### PROBLEM TO WORK ON
Beneath this line are the data; copy exactly the part of them that opens with the line containing "2020年09月07日全国内三元均价走势图" and closes with the line containing "En los potenciometros: En", and only that part.

### DATA FOR THIS EXERCISE
= = =
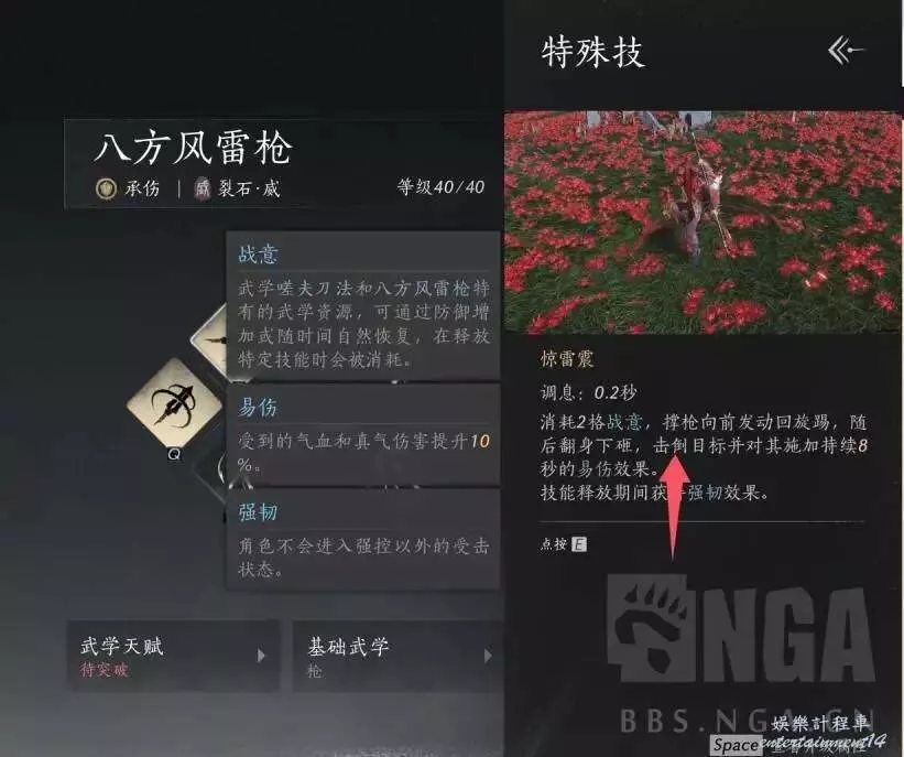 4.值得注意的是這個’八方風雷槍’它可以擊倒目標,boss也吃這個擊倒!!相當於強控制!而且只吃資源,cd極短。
= = =
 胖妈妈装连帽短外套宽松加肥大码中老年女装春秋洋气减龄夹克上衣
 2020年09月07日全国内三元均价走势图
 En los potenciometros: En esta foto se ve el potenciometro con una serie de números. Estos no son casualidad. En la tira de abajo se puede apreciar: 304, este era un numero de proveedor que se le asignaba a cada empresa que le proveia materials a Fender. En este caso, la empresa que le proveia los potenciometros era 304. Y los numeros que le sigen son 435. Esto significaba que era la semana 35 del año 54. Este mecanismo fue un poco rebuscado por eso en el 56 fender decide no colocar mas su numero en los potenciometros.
= = =
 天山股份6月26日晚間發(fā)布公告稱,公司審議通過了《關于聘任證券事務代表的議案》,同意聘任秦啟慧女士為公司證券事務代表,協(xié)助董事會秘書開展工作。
= = =
### RESPONSE AREA
 2020年09月07日全国内三元均价走势图
 En los potenciometros: En esta foto se ve el potenciometro con una serie de números. Estos no son casualidad. En la tira de abajo se puede apreciar: 304, este era un numero de proveedor que se le asignaba a cada empresa que le proveia materials a Fender. En este caso, la empresa que le proveia los potenciometros era 304. Y los numeros que le sigen son 435. Esto significaba que era la semana 35 del año 54. Este mecanismo fue un poco rebuscado por eso en el 56 fender decide no colocar mas su numero en los potenciometros.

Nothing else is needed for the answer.